The F-statistic and its p-value also appear at the bottom of summary(Model1.lm) output — both routes give the same result.
12.7 \(R^2\) and \(r\)
12.7.0.1 \(R^2\) — coefficient of determination
\(R^2\) tells you the proportion of variance in \(y\) explained by the model. It ranges from 0 (model explains nothing) to 1 (model explains everything).
summary(Model1.lm)$r.squared## [1] 0.0001118517
For example, \(R^2 = 0.08\) would mean that lot size explains 8% of the variation in house price.
The adjusted \(R^2\) penalises for adding extra predictors and is more appropriate when comparing models:
summary(Model1.lm)$adj.r.squared## [1] -0.0194938
Both values appear in the summary() output under Multiple R-squared and Adjusted R-squared.
12.7.0.2 \(r\) — Pearson’s correlation coefficient
For simple linear regression (one predictor), \(r\) is simply the square root of \(R^2\), with the sign taken from the slope:
## Lot
## -0.01057599
\(r\) ranges from -1 to 1. It measures the strength and direction of the linear relationship between \(x\) and \(y\).
You can also calculate \(r\) directly using cor():
cor(HousesNY$Price, HousesNY$Lot)## [1] -0.01057599
Both should give the same value.

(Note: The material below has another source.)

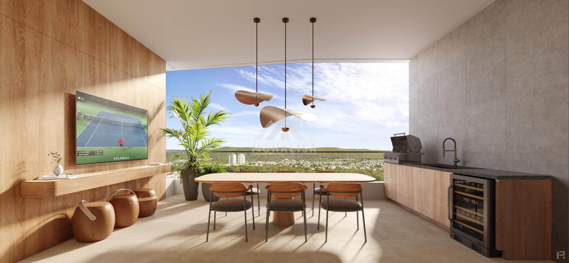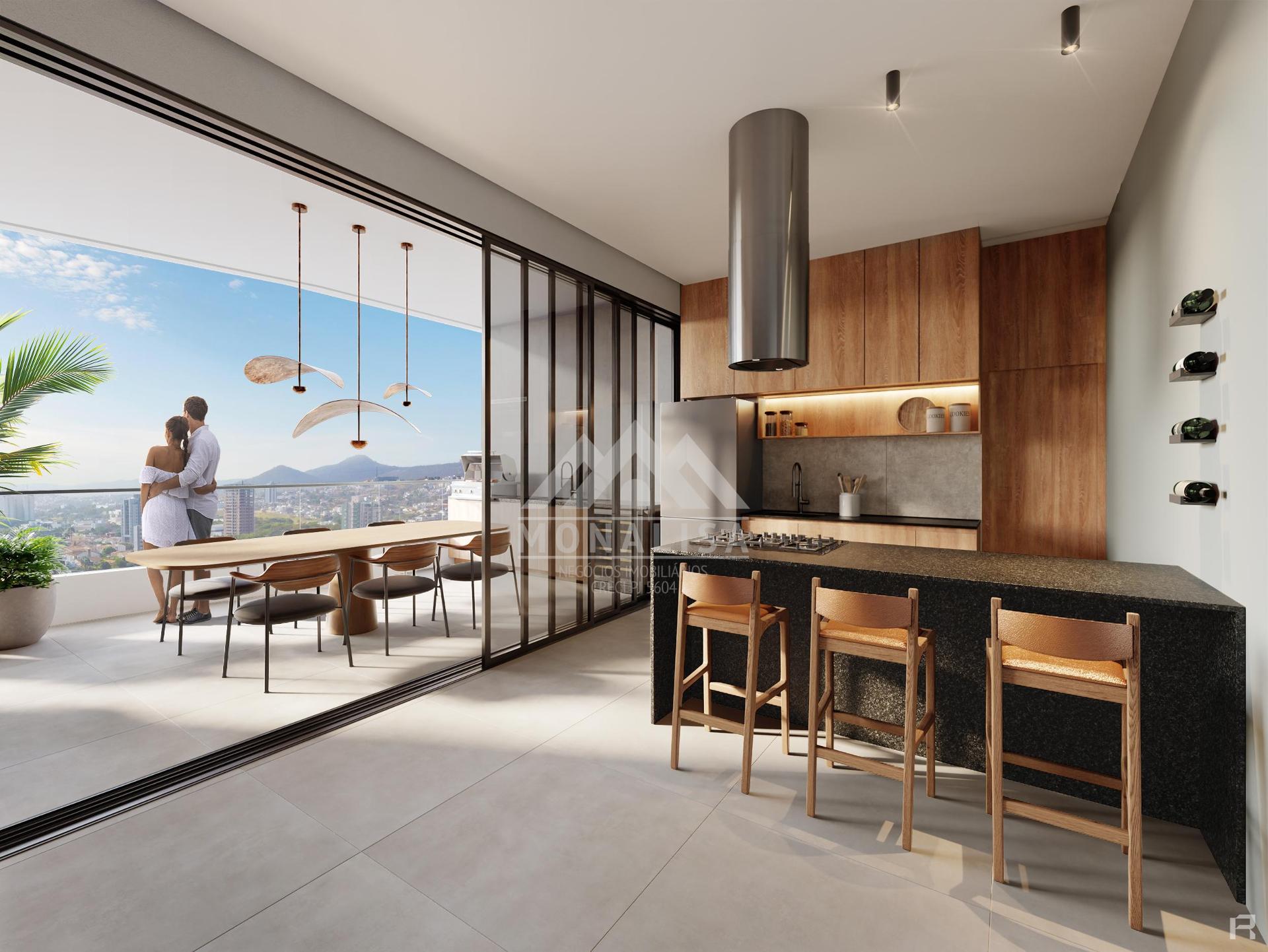 plantas amplas, inclusive com closet e uma varanda gourmet sem igual, que comporta mesa de jantar, churrasqueira e adega ou cervejeira, com vista deslumbrante da serra.

Note that \(r\) and \(R^2\) are related by \(R^2 = r^2\) — so if \(r = -0.29\), then \(R^2 = 0.084\).
12.8 Plotting the regression line
12.8.0.1 Quick plot — base R
For a fast check during analysis, base R is the quickest option:
plot(Price ~ Lot, data = HousesNY,
xlab = "Lot size", ylab = "Price (x$1000)",
pch = 16, col = "grey50")
abline(Model1.lm, col = "steelblue", lwd = 2)
12.8.0.2 Publication plot — ggplot
For a report or presentation, use ggplot2:
ggplot(HousesNY, aes(x = Lot, y = Price)) +
geom_point(colour = "grey50", alpha = 0.7) +
geom_smooth(method = "lm", colour = "steelblue", se = TRUE) +
labs(x = "Lot size",
y = "Price (x$1000)",
title = "House price vs lot size",
subtitle = "Shaded band = 95% confidence interval on the mean") +
theme_bw()
se = TRUE adds a shaded confidence band around the line. Set se = FALSE to remove it.
Note:
geom_smooth(method = "lm")fits its own line internally — it is not using your savedModel1.lmobject. For simple regression this makes no difference, but if your model includes transformations or additional terms, usegeom_abline()with the coefficients from your model instead.
12.9 Checking LINE assumptions
From lectures, linear regression relies on four assumptions — summarised as LINE:
- Linearity — the relationship between \(x\) and \(y\) is linear
- Independence — the errors are independent of each other
- Normality — the errors are normally distributed
- Equal variance (homoscedasticity) — the errors have constant variance
Independence is usually assessed from study design rather than plots. The other three can be checked using residual plots.
12.9.1 Checking Linearity
What to look for: a random cloud of points in the residuals vs fitted plot. A curve or systematic pattern means a straight line is not the right model.

ols_plot_resid_fit(Model1.lm)
Expand to see an example where linearity is broken
This example uses treadwear data where the raw scatterplot looks approximately linear — but the residuals reveal a clear curve:
treadwear <- read.csv("/Users/hgreatrex/Documents/GitHub/Teaching/STAT-462/Stat462-2026/index_data/treadwear.csv")
tread_model <- lm(mileage ~ groove, data = treadwear)
ols_plot_resid_fit(tread_model)
Figure 12.1: The residuals show a clear parabolic pattern — a linear model is not appropriate here
The residuals are systematically positive at low and high fitted values, and negative in the middle. A non-linear model would be more appropriate.
12.9.2 Checking Equal Variance (Homoscedasticity)
What to look for: the spread of residuals should stay roughly constant across all fitted values. A fan shape or bow-tie means variance is unequal.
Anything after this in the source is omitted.